The new study, published by the Federation of American Societies for Experimental Biology in Journal of Experimental Biology explains how honey kills bacteria. Although alternative medicine has used this property of honey for a long time, science now finally clears up one of the antibacterial abilities of the honey. In Egypt, some doctors treat open wounds washing them with a solution of honey, thus avoiding contamination with bacteria. Modern science now has a full explanation of how it works. A study by researchers from the Academic Medical Center in Amsterdam systematically isolated parts of honey, comparing them with the antibiotic-resistant bacteria that cause the diseases. They eventually found that the main element of the antibiotic in honey – defensin-1 -protein of the immune system. Bees produce protein for their own immune systems and transmit it in honey they produce.

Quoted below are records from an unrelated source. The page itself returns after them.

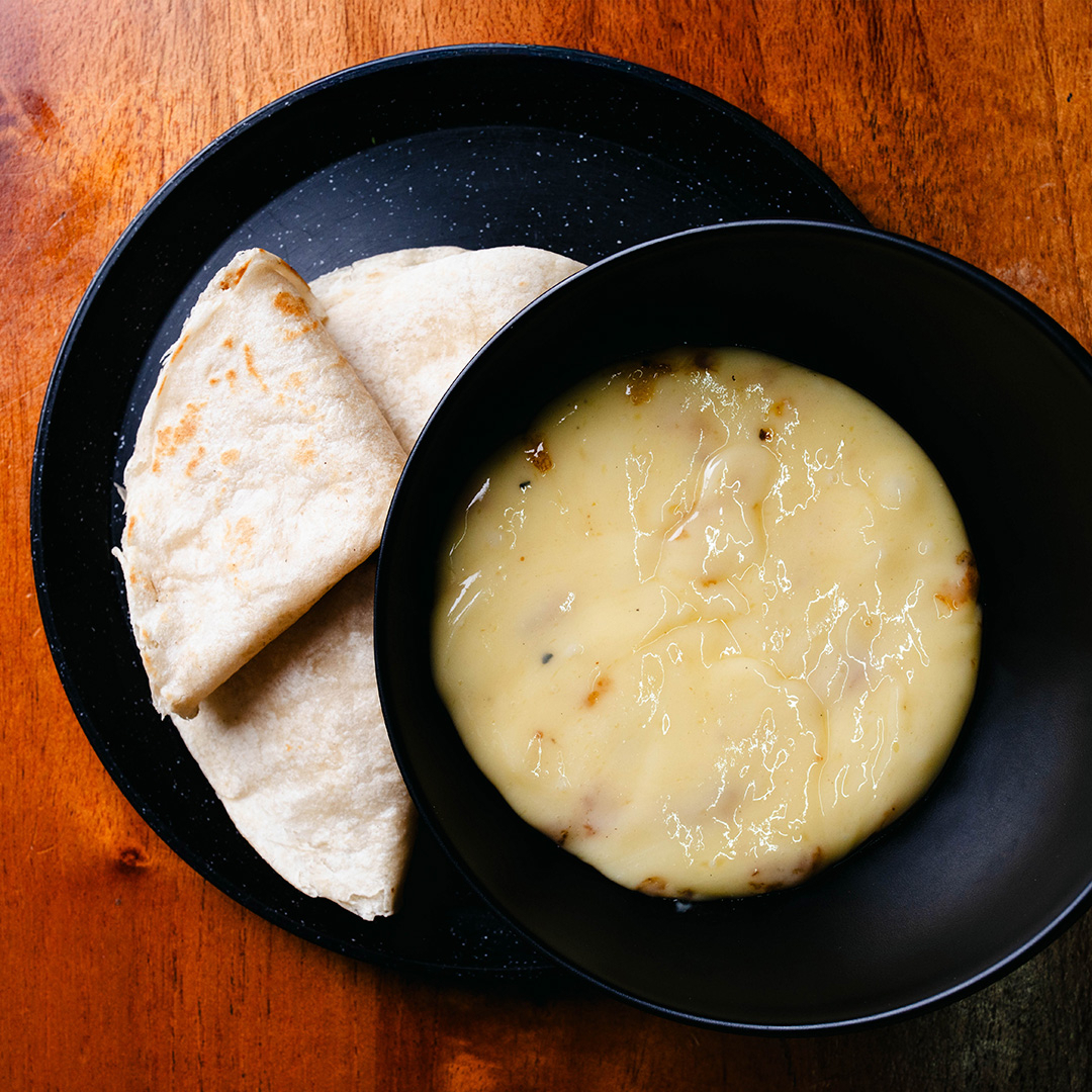 300gr de queso fundido acompañado de 3 tortillas de harina
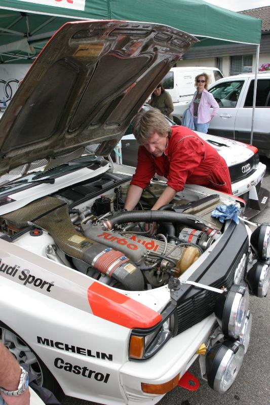 Beim Rallye Audi wird gerade nach dem Öl geschaut
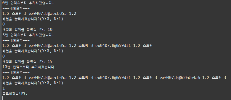 System.out.println("배열을 늘리시겠습니까?(Y:0, N:1)");
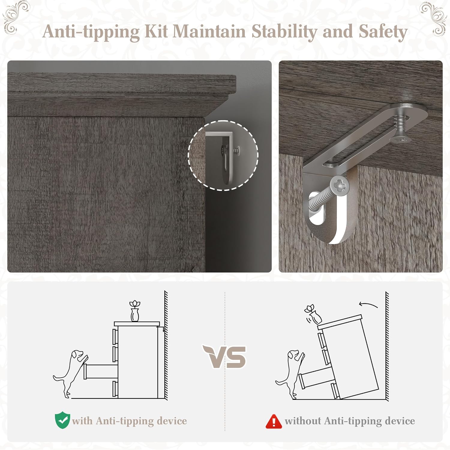 - [Easy assembly]: Includes clear instructions and all necessary hardware for quick setup. Plus, EnHomee dresser with anti-tip kit ensures added safety and security for your family. If you have any issues you meet, let us know without hesitation and you will get a satisfactory solution.
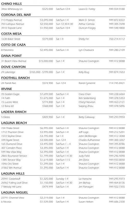 713 Poppy Avenue $3,095,000 Sat/Sun 1-4 Mark D. Simon 949.872.8322 703 Larkspur Avenue $2,550,000 Sun 12:30-4:30 Arthur Camoia 949.305.7698 3910 Topside Lane $1,950,000 Sat/Sun 10-4 Duncan Forgey 949.548.4800 Costa Mesa 1638 Baker Street $579,000 Sat 1-4 Shelly Fin 760.214.4112 Coto De Caza 8Palomino $2,495,000 Sat/Sun 1-4 Lyn Chadwick 949.280.2109 Dana Point 31 Beach View Avenue $15,000,000 Sun 1-4 Shauna Covington 949.412.8088 Dove Canyon 24 Lakeridge $765,000 -$799,000 Sun 1-4 Kelly Klug 949.874.7653 Foothill ranCh 24 Parrell Ave. $574,900 Sun 12-4 Randi Cymerint 714.745.8421 irvine 70 Golden Eagle $7,699,000 Sat/Sun 1-4 Clara Chen 949.228.6064 14 Faith $1,675,000 Sun 1-4 Kim Seidenberg 949.378.5353 15 Lucero West $774,800 Sun 1-4 Cheryl Newton 949.463.2121 12 Rana 60 $568,000 Sun 1-4 Saiping Zhou 949.478.5896 laDera ranCh 5Dietes $409,900 Sun 1-4 Betty Callaway 949.293.9954 laguna BeaCh 154 Thalia Street $6,995,000 Sat/Sun 1-4 Shauna Covington 949.412.8088 1712 Thurston Drive $3,995,000 Sat/Sun 1-4 Jeff Loge 949.212.5201 1572 Skyline Drive $3,795,000 Sat 1-4 John McMonigle 949.412.3048 339 Agate Street $3,500,000 Sun 12-4 Charles Aufhammer 949.300.3267 165 Dumond Drive $3,495,000 Sat/Sun 1–4 Shauna Covington 949.395.8786 307 Camden Place $3,395,000 Sat/Sun 1-4 Shauna Covington 949.412.8088 599 Alta Vista Way $2,395,000 Sat/Sun 1-4 Shauna Covington 949.412.8088 2865 Rounsevel Terrace $1,799,000 Sat/Sun 1-4:30 Judy Field 949.246.4090 1385 Terrace Way $1,619,000 Sat/Sun 11-5 Jim Doria 949.933.8050 1046 Oro Street $1,299,000 Sun 1-4 Shauna Covington 949.412.8088 31862 8th Avenue $1,295,000 Sat/Sun 1-4 Shauna Covington 949.412.8088 laguna hills 25941 Cedarbluff $1,325,000 Sunday 1-4 Liz Hansche 949.295.9373 26962 Falling Leaf Drive $1,150,000 Sat/Sun 1-4:30 Jim Bishop 949.464.8136 7Melody Hill Lane $479,999 Sat/Sun 1-4 Jim Flanagan 949.922.7355 laguna niguel 22791 Channel View $2,219,000 Sun 1-4 Shauna Covington 949.412.8088 6Nicosia $1,539,000 Sat/Sun 1-4 Susan Helton 949.606.2330

After comparing the defensin-1 with other elements in the honey, the researchers concluded that this protein is most responsible for the antibacterial properties of honey. The study also sheds light on the bees’ immune systems, which can help researchers to find ways to reverse the decline in bee populations in the world. Honey has been tested against several types of bacteria, including methicillin-resistant Staphylococcus aureus (the most common cause of staph infections) and vancomycin-resistant Enterococcus faecium (natural and beneficial bacteria in the intestinal tract, which can become pathogenic under certain circumstances). These and some other bacteria are a problem for modern methods of treatment because of their failure to prescribed antibiotics.
Even a small amount of honey can kill the bacteria, it requires only 10-20% of the amount of honey to the ratio of bacteria. The researchers found that lowering the acidity of honey reduces the effectiveness of antibacterial properties.
Since resistant staphylococcus infections have become a problem in the United Kingdom, some nurses began to use natural methods to fight deadly infections. PH level of honey (acidity) is an excellent barrier for invading bacteria and other antibiotics.
It should be noted that the honey, used in the UK (honey Manuka) is not quite ordinary honey found on grocery shelves. The main difference is its sterility. A study in February 2009 found that the difference in the antibacterial properties of honey between it’s medical type and purchased in the store honey was minimal.
Honey – one of the wonders of nature, but science took a long time to finally start it’s research and find out what makes it so unique. Now we know a little bit more about amazing abilities of honey, but much about honey left unexplored, so scientists will have a lot of work!